Whitening-based Contrastive Learning of Sentence Embeddings

This paper presents a whitening-based contrastive learning method for sentence embedding learning (WhitenedCSE), which combines contrastive learning with a novel shuffled group whitening. Generally, contrastive learning pulls distortions of a single sample (i.e., positive samples) close and push negative samples far away, correspondingly facilitating the alignment and uniformity in the feature space. A popular alternative to the "pushing'' operation is whitening the feature space, which scatters all the samples for uniformity. Since the whitening and the contrastive learning have large redundancy w.r.t. the uniformity, they are usually used separately and do not easily work together. For the first time, this paper integrates whitening into the contrastive learning scheme and facilitates two benefits. 1) Better uniformity. We find that these two approaches are not totally redundant but actually have some complementarity due to different uniformity mechanism. 2) Better alignment. We randomly divide the feature into multiple groups along the channel axis and perform whitening independently within each group. By shuffling the group division, we derive multiple distortions of a single sample and thus increase the positive sample diversity. Consequently, using multiple positive samples with enhanced diversity further improves contrastive learning due to better alignment. Extensive experiments on seven semantic textual similarity tasks show our method achieves consistent improvement over the contrastive learning baseline and sets new states of the art, e.g., 78.78\% (+2.53\% based on BERT\ba) Spearman correlation on STS tasks.

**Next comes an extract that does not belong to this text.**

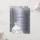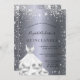 A modern, stylish and glamourous invitation for a Quinceañera, 15th birthday party. A dark faux silver looking background with faux glitter dust and a dress. The name is written with a modern hand lettered style script. Personalise and add your party details.

翻译：本文提出了一种基于白化的对比学习句子嵌入方法（WhitenedCSE），该方法将对比学习与一种新颖的乱序分组白化技术相结合。通常，对比学习会拉近单个样本的扭曲版本（即正样本），同时推远负样本，从而在特征空间中促进对齐性和均匀性。对于“推远”操作，一个流行的替代方案是特征空间白化，它通过分散所有样本来实现均匀性。由于白化和对比学习在均匀性方面存在较大冗余，它们通常被分开使用，难以协同工作。本文首次将白化整合到对比学习框架中，并带来两大优势：1）更好的均匀性。我们发现这两种方法并非完全冗余，由于均匀性机制不同，它们实际上存在一定的互补性。2）更好的对齐性。我们将特征沿通道轴随机划分为多个分组，并在每个分组内独立进行白化。通过打乱分组划分，我们为单个样本生成多个扭曲版本，从而增加正样本多样性。因此，具有增强多样性的多正样本进一步提升了对比学习的对齐效果。在七个语义文本相似度任务上的大量实验表明，我们的方法在对比学习基线基础上实现了一致性提升，并取得了新的最优结果，例如在STS任务上Spearman相关系数达到78.78%（基于BERT\ba提升2.53%）。